Professionalmente parlando sono una nativa digitale. Dopo la laurea, a 24 anni ho iniziato a lavorare proprio nel digitale e da allora, ho un personal computer tutto mio. In certi anni ne ho avuti due contemporaneamente. Ma il punto è un altro.
Prima di allora, ero stata una nomade delle sale informatiche, dei punti informatici nelle biblioteche, degli internet point (ve li ricordate, no?).
E ancora prima, ero stata un’adolescente diffidente di tutto quello che era tecnologia, che un pò si spaventava ma che tanto si meravigliava del calcolo veloce, di monitor verdi e di suoni metallici che richiamavano universi paralleli.

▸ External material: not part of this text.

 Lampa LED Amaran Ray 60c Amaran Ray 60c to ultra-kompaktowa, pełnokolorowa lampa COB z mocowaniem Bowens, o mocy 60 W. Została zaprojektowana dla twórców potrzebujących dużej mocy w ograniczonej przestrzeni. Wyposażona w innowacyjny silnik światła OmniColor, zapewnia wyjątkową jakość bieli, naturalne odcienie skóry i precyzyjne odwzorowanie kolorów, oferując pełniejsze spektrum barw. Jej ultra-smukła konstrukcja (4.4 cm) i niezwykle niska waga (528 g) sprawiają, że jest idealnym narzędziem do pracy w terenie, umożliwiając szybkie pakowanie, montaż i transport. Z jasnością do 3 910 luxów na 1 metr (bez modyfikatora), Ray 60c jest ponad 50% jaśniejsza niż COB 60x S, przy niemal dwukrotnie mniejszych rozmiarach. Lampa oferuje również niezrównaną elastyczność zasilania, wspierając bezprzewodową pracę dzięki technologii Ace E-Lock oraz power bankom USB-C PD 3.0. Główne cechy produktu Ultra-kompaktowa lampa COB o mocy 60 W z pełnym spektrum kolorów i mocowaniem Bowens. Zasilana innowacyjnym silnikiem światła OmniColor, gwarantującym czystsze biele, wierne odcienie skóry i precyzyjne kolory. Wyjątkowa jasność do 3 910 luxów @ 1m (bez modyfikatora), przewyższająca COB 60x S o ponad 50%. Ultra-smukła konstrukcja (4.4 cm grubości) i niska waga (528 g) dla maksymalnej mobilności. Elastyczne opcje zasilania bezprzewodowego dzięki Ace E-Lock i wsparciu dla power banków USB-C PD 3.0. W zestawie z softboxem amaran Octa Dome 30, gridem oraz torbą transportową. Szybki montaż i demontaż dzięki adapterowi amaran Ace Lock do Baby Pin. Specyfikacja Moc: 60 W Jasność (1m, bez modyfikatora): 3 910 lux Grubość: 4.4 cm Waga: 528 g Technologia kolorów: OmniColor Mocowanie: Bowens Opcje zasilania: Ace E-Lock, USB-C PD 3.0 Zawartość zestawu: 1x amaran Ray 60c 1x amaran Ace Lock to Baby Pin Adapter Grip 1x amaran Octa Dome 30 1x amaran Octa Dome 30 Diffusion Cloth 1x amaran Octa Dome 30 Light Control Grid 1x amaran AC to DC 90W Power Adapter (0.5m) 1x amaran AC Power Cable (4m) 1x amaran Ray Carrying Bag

C’erano giorni nei quali accendere il computer nell’aula informatica era un momento speciale: il futuro sembrava a portata di mano e ogni interazione con il computer conteneva un senso di scoperta. Nei primi grandi magazzini di tecnologia, i computer e tutti gli strumenti ad esso connettibili, erano oggetti da ammirare, simboli di possibilità inesplorate.
Ad un certo punto poi il computer è diventato uno strumento imprescindibile, indispensabile, nella mia vita quotidiana (come in quella di tanti), e parallelamente, il senso di meraviglia è andato scemando. La tecnologia si è trasformata (portando trasformazione in me) e ad un certo punto da portatrice di stupore si è tramutata in strumento di lavoro freddo e funzionale, un “attrezzo” per il quale dovevo certificare le competenze (vi ricordate la sezione “competenze informatiche” nei curricula??). Anche nelle attività più creative, come la scrittura di un articolo o l’editing di una foto, il computer sembrava privo di anima, un semplice mezzo di espressione e non un compagno di avventura formidabile.
Ed eccoci al punto. Sembra quasi che con l’avvento dell’intelligenza artificiale generativa, qualcosa di “meraviglioso” sta tornando. C’è di nuovo un’aria di sorpresa nell’aria, una sensazione che non provavo dalla prima accensione di un desktop nella sala informatica della mia università a Salerno. L’intelligenza artificiale generativa mi sta riportando quel fascino che sembrava perduto: l’interazione è naturale, intuitiva, quasi magica, e lo schermo non è più solo uno spazio vuoto da riempire con attività ordinarie. Mi basta aprire l’app sul mio iphone e intavolare una conversazione semplice per evocare risposte intelligenti, riflessioni persino con un accenno di personalità.
Non è solo una questione di efficienza e produttività, ma anche di stupore ancestrale.
Quando interagiamo con un modello di AI (perplexity, gemini, chatgpt, claude etc ) non ci limitiamo più a utilizzare meramente lo strumento per finire un lavoro o fare la spese online ma possiamo sentirci ispirati, come se avessimo un interlocutore che ci capisce, che dialoga con noi e che, in qualche modo, ci incuriosisce condividendo una piccola quota di umanità.
Quindi in tutto questo hype, quello che più mi piace dell’AI è la promessa sottile che sottende a tutte le interazioni: mi permette di dare alla tecnologia la connotazione di risorsa che, con il giusto approccio, riesce a restituire il contatto emotivo e la connessione che avevamo perso.
Si lo so, è un pò troppo romantico ma questa sfumatura me ne fa apprezzare le potenzialità oltre la sterile esecuzione di compiti che rende drammaticamente grigio il lavoro di migliaia di persone.
Chissà, magari proprio questa volta le macchine riusciranno a realizzare quel sogno di umanità che Steve Wozniak, Trip Hawkins e molti altri pionieri avevano intravisto all’alba dell’era informatica, pensando al “computer amico”.